= Provided data =
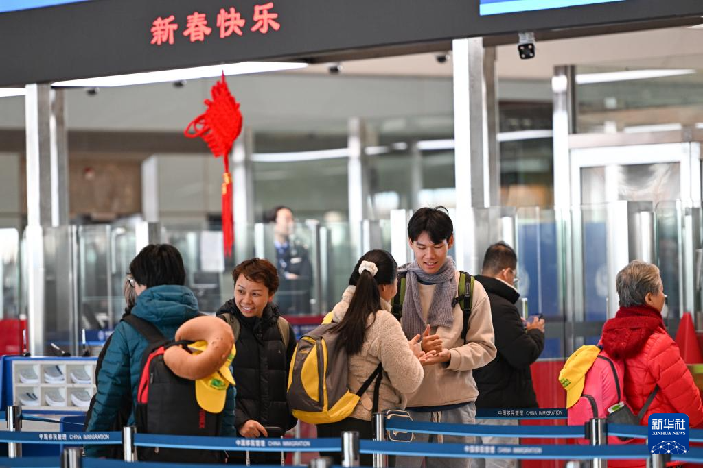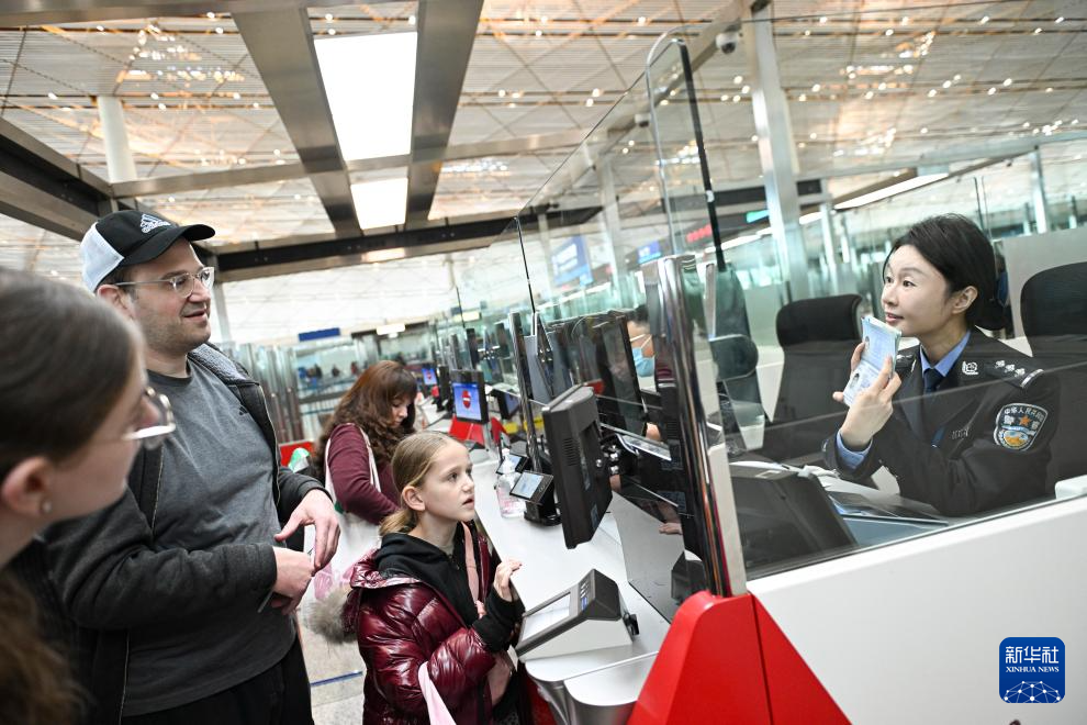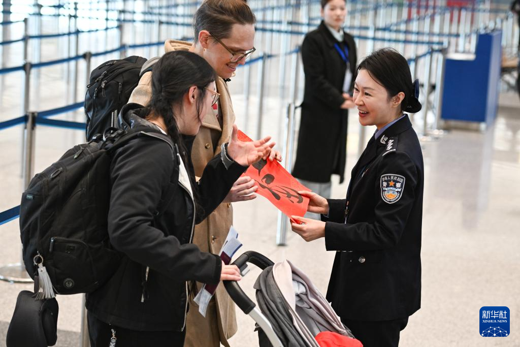 除夕,在北京首都国际机场,边检民警的入境章盖章声此起彼伏。一些海外游子回到祖国,欢度春节;外国游客经此来到中国,感受中国年味儿。
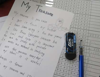 自分の宝物を持参し,それをテレビ画面に映し出して説明しました。
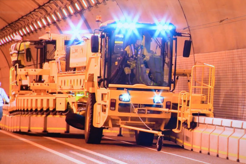 床版の取り替えは舗装を全て剥がして行うため、工事スペース確保のため長期の車線規制が敷かれます。そこで活用されているのが、コンクリート製防護柵と、それを移設する車両を用いた「ロードジッパー」と呼ばれるシステムです。ロードジッパーはアメリカで開発され、2016年にNEXCO東日本が日本で初めて試験導入し、今ではNEXCO中日本、西日本でも活用されています。

= Exercise description =
Return the data exactly. Pictures stay out.

= Written answer =
 除夕,在北京首都国际机场,边检民警的入境章盖章声此起彼伏。一些海外游子回到祖国,欢度春节;外国游客经此来到中国,感受中国年味儿。
 自分の宝物を持参し,それをテレビ画面に映し出して説明しました。
 床版の取り替えは舗装を全て剥がして行うため、工事スペース確保のため長期の車線規制が敷かれます。そこで活用されているのが、コンクリート製防護柵と、それを移設する車両を用いた「ロードジッパー」と呼ばれるシステムです。ロードジッパーはアメリカで開発され、2016年にNEXCO東日本が日本で初めて試験導入し、今ではNEXCO中日本、西日本でも活用されています。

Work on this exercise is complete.